Leukemia cancers are hematological malignancies characterized by the uncontrolled production of abnormal white blood cells. Many cases of leukemia harbor mutations in Notch signaling pathways, and NOTCH1 mutations are particularly prevalent in the subtype of T-cell acute lymphoblastic leukemia (T-ALL). This has made the Notch signaling pathway an attractive target for developing new therapeutics for T-ALL, but so far efforts in this area have remained unsuccessful. In our research, we have made significant progress by identifying a specific cannabis extract that induces apoptosis in Notch1-mutated leukemia cells, and isolated the specific metabolites responsible for the effect of the whole plant. Our focus now lies in unraveling the signaling pathway through which these metabolites exert their effect and understanding the potential clinical significance to human T-ALL patients. As dysregulation of Notch1 extends beyond leukemia and is also found in other types of cancers and non-cancerous diseases, we are working to expand our findings as a novel therapeutic strategy for the effective treatment of a variety of malignancies.

Breast cancer

Breast cancer is a diverse group of diseases made of subtypes with distinct behavior and response to therapy. Tumors that express estrogen receptor alpha (ERα) and depend on the hormone estrogen to promote their growth and division constitute ~65% of all cases. They are commonly treated with hormonal therapies that block the action of estrogen or suppress its production. We are currently investigating a newly-identified cannabinoid that affects estrogen signaling through ERα. Ultimately, patients with ER-positive breast cancer could benefit from such a therapy that is tailored to their specific tumor characteristics.

Glioblastoma Multiforme

Glioblastoma Multiforme (GBM) is a highly aggressive and malignant brain tumor. It is the most common and deadliest form of primary brain cancer in adults. Due to its aggressive nature and limited treatment options, GBM poses significant challenges. Moreover, the intricate inter- and intra-tumoral heterogeneity of glioblastoma complicates the development of targeted and effective therapies. Studies demonstrated glioma cells express different levels of cannabinoid receptors compared to normal brain cells, highlighting a potential role for cannabinoids in treating brain tumors. Our study centers on matching cannabinoids to GBM subtypes with the goal of developing therapeutic agents that overcome resistance and improve the standard treatments.

Tumor microenvironment

Immunotherapy boosts a patient’s own immune system so it can attack cancer cells. However, many times treatment results in limited therapeutic outcomes due to the development of a highly immunosuppressive tumor microenvironment (TME). Therefore, in many cases it is insufficient to activate the killer cells without concurrently targeting immunosuppressive cells. Key players in the immunosuppressive TME are regulatory myeloid cells, such as Myeloid-derived suppressor cells (MDSCs). We revealed Cannabigerol (CBG), a non-psychoactive cannabinoid compound, reduces the secretion of the cytokine Colony Stimulating Factor 1 (CSF-1) and thus modulates the recruitment, differentiation, and activation of MDSCs. We were able to show in a preclinical mouse model of melanoma that a combination of CBG with immunotherapy treatment such as αPD-L1 was more effective in reducing tumor progression and enhancing survival than each treatment separately. Our efforts currently lie in expanding our understanding of the underlying mechanism and implementing our findings to other cancers characterized with elevated secretion of CSF-1.
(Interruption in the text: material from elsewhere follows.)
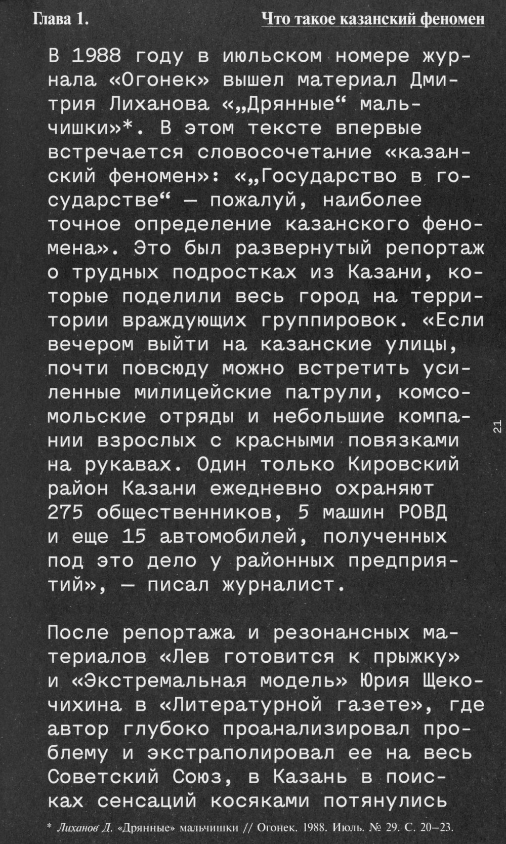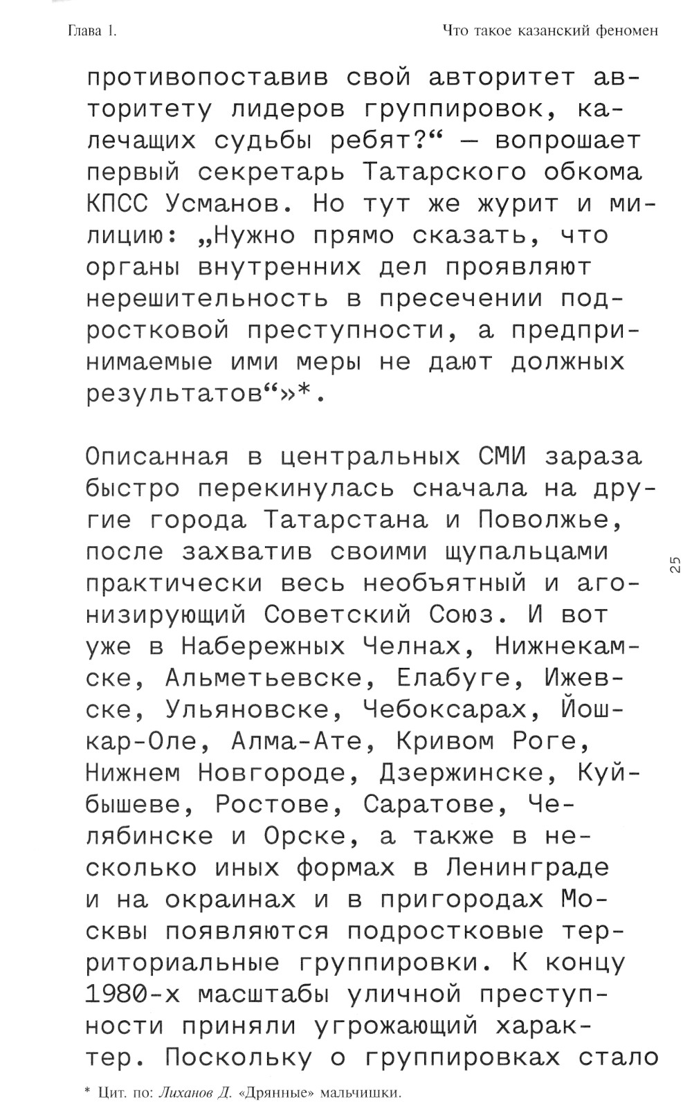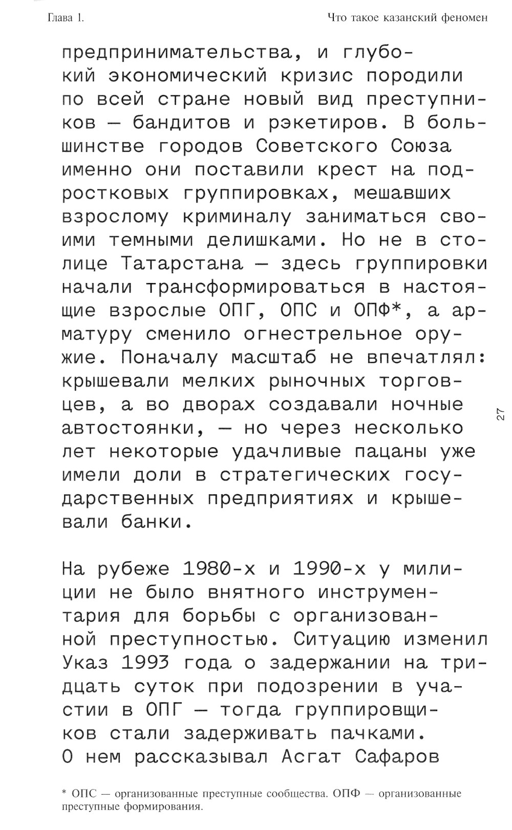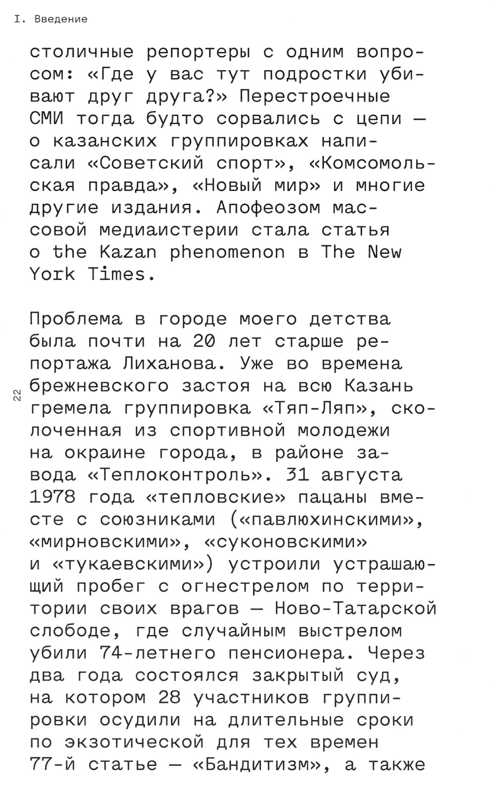 Если вы выросли в России в конце XX века, то в вашей жизни были уличные драки. Эта книга о тех, кто сделал насилие своим кредо: бил и попадал под раздачу - профессионально, ежедневно, беспощадно. Это пацаны, участники бесчисленных молодежных группировок, наводнивших поздний Советский Союз. Первым городом, в котором явление стало по-настоящему массовым, была Казань. Роберт Гараев, автор этой книги, попал в «Низы», одну из местных банд, еще в средней школе. Спустя 30 лет он решил выяснить, откуда взялся казанский феномен - полторы сотни подростковых группировок, что сначала «делили асфальт» в драках район на район, а затем начали массово истреблять себе подобных, - и как вспоминают те суровые дни сами пацаны, бывшие сотрудники милиции, адвокаты и простые жители города, обезображенного страхом и жестокостью. Это единственная книга, целиком составленная из голосов выживших - и желающих рассказать правду.| Издательство | Индивидуум |

Multidrug resistance pumps

Cancer treatment is evolving rapidly, but despite the development of other treatment modalities, chemotherapy continues to be the widest-used treatment for cancer. Many patients that initially respond to chemotherapy develop what is known as multidrug resistance (MDR), through the overexpression of efflux pumps that actively pump the chemotherapy drugs out of the cells, reducing its effectiveness. Many cancer patients are given chemotherapy concurrently with medical cannabis, for its palliative properties such as pain relief and nausea control. However, reports regarding antitumor properties in addition to the palliative ones have raised the option that specific metabolites from the cannabis plant can reverse the activity of the MDR pumps. We are presently exploring which metabolites, alone or in combination, can block the action of efflux pumps responsible for drug resistance.